All of these possibilities flowing through my head made me wonder why I couldn’t just cherry pick characters from these lists and do whatever the hell I goddamn want. I favor random selection for a number of reasons. One, it’s an exercise in discipline. If I force myself to conform my story to the selections I’ve made, I will have established myself as a disciplined writer who didn’t let his only form of controlled chaos get too overwhelming. Two, if I randomly select from whatever list I’m working with, I’m giving every list item an equal chance of being chosen. When everything has an equal chance and there’s no favoritism of any kind, that would be the equivalent of parents raising multiple children. I treat list items like I would treat my own children if I wanted any: with justice and fairness.

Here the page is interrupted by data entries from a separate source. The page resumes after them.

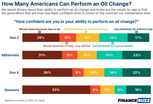 Вік впливає рівень знань про автомобілі: у старших поколінь більше досвіду і часу, щоб освоїти основи обслуговування. Але це не означає, що вони завжди використовують цей потенціал. Наприклад, серед міленіалів найвища впевненість у заміні оливи: 23% сказали, що можуть виконати її без сторонньої допомоги, а ще 20% - що їм потрібно лише уточнити деякі деталі.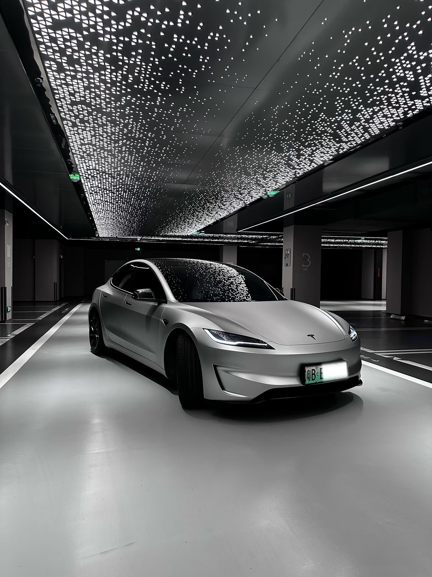 - L’Esthétique : Il s’agit d’une teinte plus foncée, qui s’approche d’un gris anthracite mat, conférant à la Model 3 Highland une allure plus sérieuse, discrète et « furtive » (d’où son nom). Sa nature multicouche lui permet d’évoluer subtilement selon la lumière.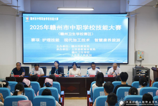 7月1日,吴学群作为专家代表出席2025年赣州市中职学校技能大赛(赣州卫生学校赛区)开幕式。江西环境工程职业学院充分发挥专业优势,全程协助承办校赣州卫生学校制定赛项规程、编写题库,并选派优秀裁判参与赛事工作,成为中高职贯通和一体化建设的重要实践。
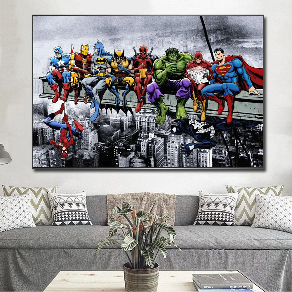 Халк Человек-паук Супергерои встреча смешная художественные плакаты и принты комикс Марвел мультфильм настенные картины на холсте Живопись Декор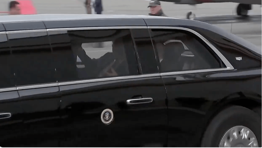 ▲特朗普和普京共同走進美國總統專用“野獸”防彈轎車,然后一同前往會談地點。影片截圖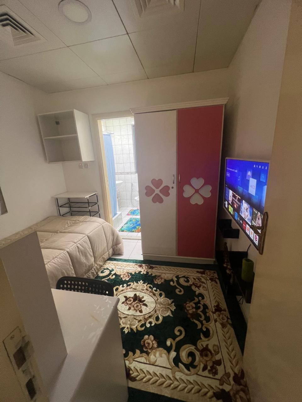 A clean and cozy single room perfect for travelers and working guests. Enjoy a comfortable workspace with table and chairs, plus access to a shared kitchen and bathroom. The flat is well-maintained, peaceful, and close to Abu Dhabi Mall and Al Reem Mall. Restaurants, groceries, and public transport are all nearby, making it a convenient and budget-friendly stay in a prime location.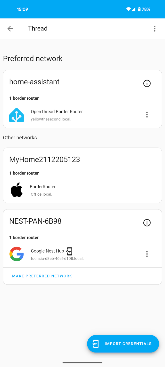 - Importing the credentials allows a Google- or Apple-created Thread network to be the preferred network of Home Assistant.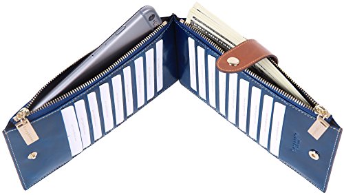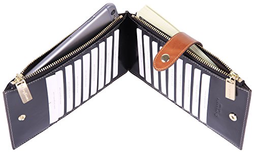 -. Feature : * Genuine Leather. / * Measures 7.4 x 3.6 x 0.91 inches / * 18 credit card pockets,2 zipper pockets / * This is a powerful Card Case Wallets, with 18 Card slots, two zipper bag can put a mobile phone and $; Ultra-thin design, the whole bag leather made by hand / * Borgasets: high-quality leather goods, quality assurance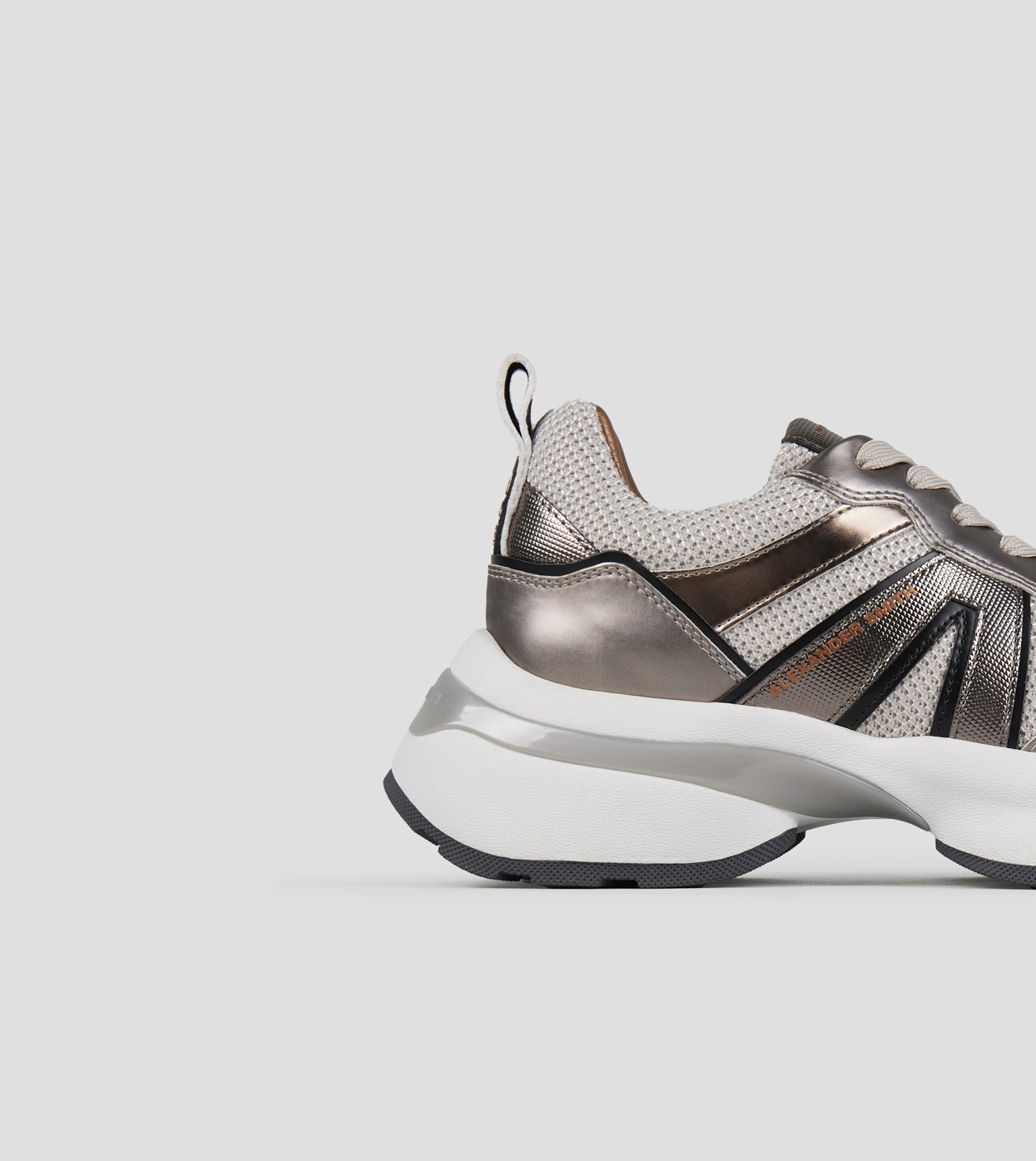 Il nuovo modello Victoria di Alexander Smith nasce per accompagnare ogni passo con grinta ed eleganza. Linee decise, dettagli metallici e una suola bold definiscono una sneaker dallo spirito contemporaneo, perfetta per chi vuole distinguersi. Victoria è l’equilibrio perfetto tra performance urbana e ricercatezza estetica, in questa variante in mesh argento e dettagli specchio.

Although I use randomness every day whenever I’m working creatively (in fact, I use it to choose blog topics as well), Clair Deus will have to settle for being an unemployed character on Garrison’s Library. But if she stayed there indefinitely, it would defeat the purpose of having old characters’ biographies on my blog in the first place. I want to use Clair in a dark fantasy story someday. The question is, how big of a role will she play (if any at all) and will she have enough flaws to make her a believable character rather than a Mary-Sue badass? That’s the problem I’ve faced in the past with a lot of my dark fantasy characters: they were too perfect for their own good. Nobody likes perfection, because life is far from perfect. Although we should all strive to be better people, we will never be perfect, which is what makes real life such an interesting story. Shouldn’t Clair Deus’ story reflect that kind of creativity? And before you ask, no, Clair’s last name isn’t a recycling of Deus Shadowheart’s first name. The two characters are unrelated.